Saturday, December 29, 2012

2012: The Pursuit of Happiness


It's been my new tradition to recap my year, and make sense of it all, as I go into a new one. Which surprisingly as a writer, is not an easy task; as perhaps writing about sex, politics, or anything else in this topsy-turvy porn world we all encompass. However, I will try for you. My friends. My piglets. To make sense of what was the year 2012, and what is yet to come for 2013.

My year started out while I took a very extended vacation in Europe. I don't know about you, but for me long vacations are more about the internal journey, than they are about the experiences and the people met along the way. There is something that happens to oneself, when taken out of the daily grind and schedule of everyday life. It allows me to be closer to who I truly am, and not what my family, peers, or anyone in my regular company, have come to expect me to be. The experience of being alone in exploration of the world, allows a great deal of reflective thought. When I wrote last year's New Year entry... That's exactly where I was. Deep, in thought. Even though I seemed to be having a very fabulous time, with shoots and hot hookups in London, exploration of museums and art in Paris, and a crazy cool dance/fetish scene in Berlin... There was contemplation of what I was truly missing in my life, and what connections I really wanted to have with others on a deeper level. A transition in my life was necessary. It was that contemplation, that set the stage for the past year.

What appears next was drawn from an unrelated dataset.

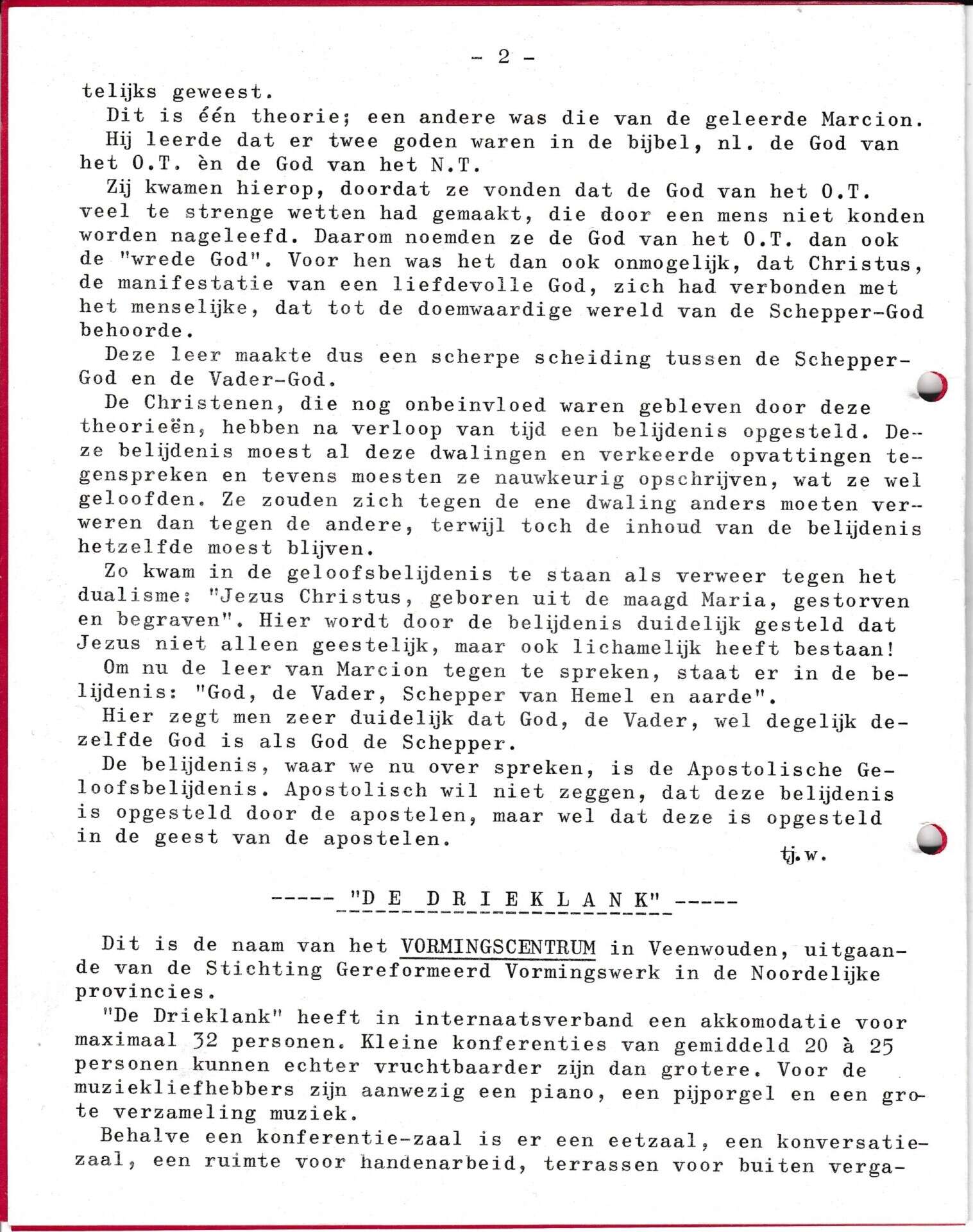 | Beschrijving: | It Fleurige Flittergat: 1968 5ste jaargang nr. 5: Vervolg Redactioneel: Onze geloofsbeleidenis. "De Drieklank" vormingscentrum in Veenwouden. |
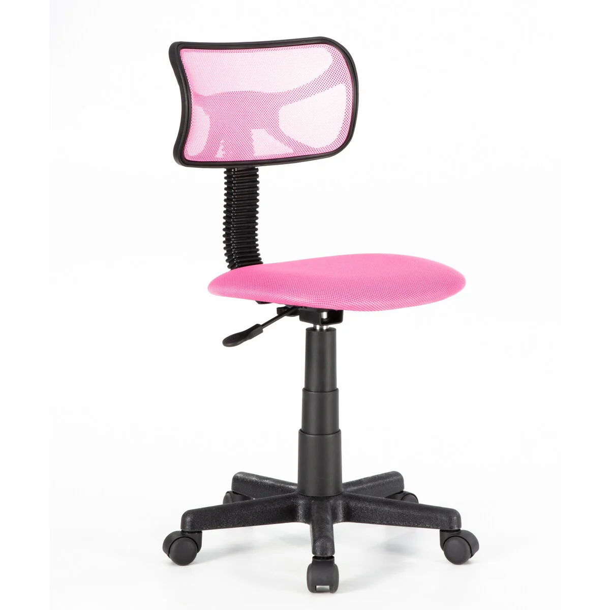The JJS Kids' Height-adjustable Mesh-back Rolling Swivel Task Chair is the perfect addition to your child's study space. With its breathable mesh back, foam-cushioned seating, and 360-degree swivel, this chair provides comfort and support for extended periods. Its adjustable seat height via gas-lift mechanism and sturdy plastic casters make it easy for your child to move around and find the perfect position to focus. Available in four fun colors to match any room decor.

When I got back from Europe, I realized that there were friends I had... That weren't really my friends. If I wanted a deeper connection with friends, I would have to let my walls down a bit. I also would have to do more exploration of the pain and hurt I had in my life... If I wanted to let more happiness in. Ugh (eye roll). I took a trip to my hometown Toronto... And made a point of spending a great deal of time with family, both blood and chosen. It helped to center me before embarking on a path of a new me. My focus changed from playing the "Pornstar game", ie. networking, being fabulous, fucking a lot... To focusing on my health, both physical and mental, as well as communicating more with my family, or the friends I considered family. Apparently that inward change, started to be noticed by people outwardly... As photographers such as Mark Henderson shot me for a book, I was re-signed as an exclusive for Raging Stallion Studios, and I met a new friend who un-expectantly became the closest thing to a twin brother I've ever had. Something was happening, but I knew I still had more work to do.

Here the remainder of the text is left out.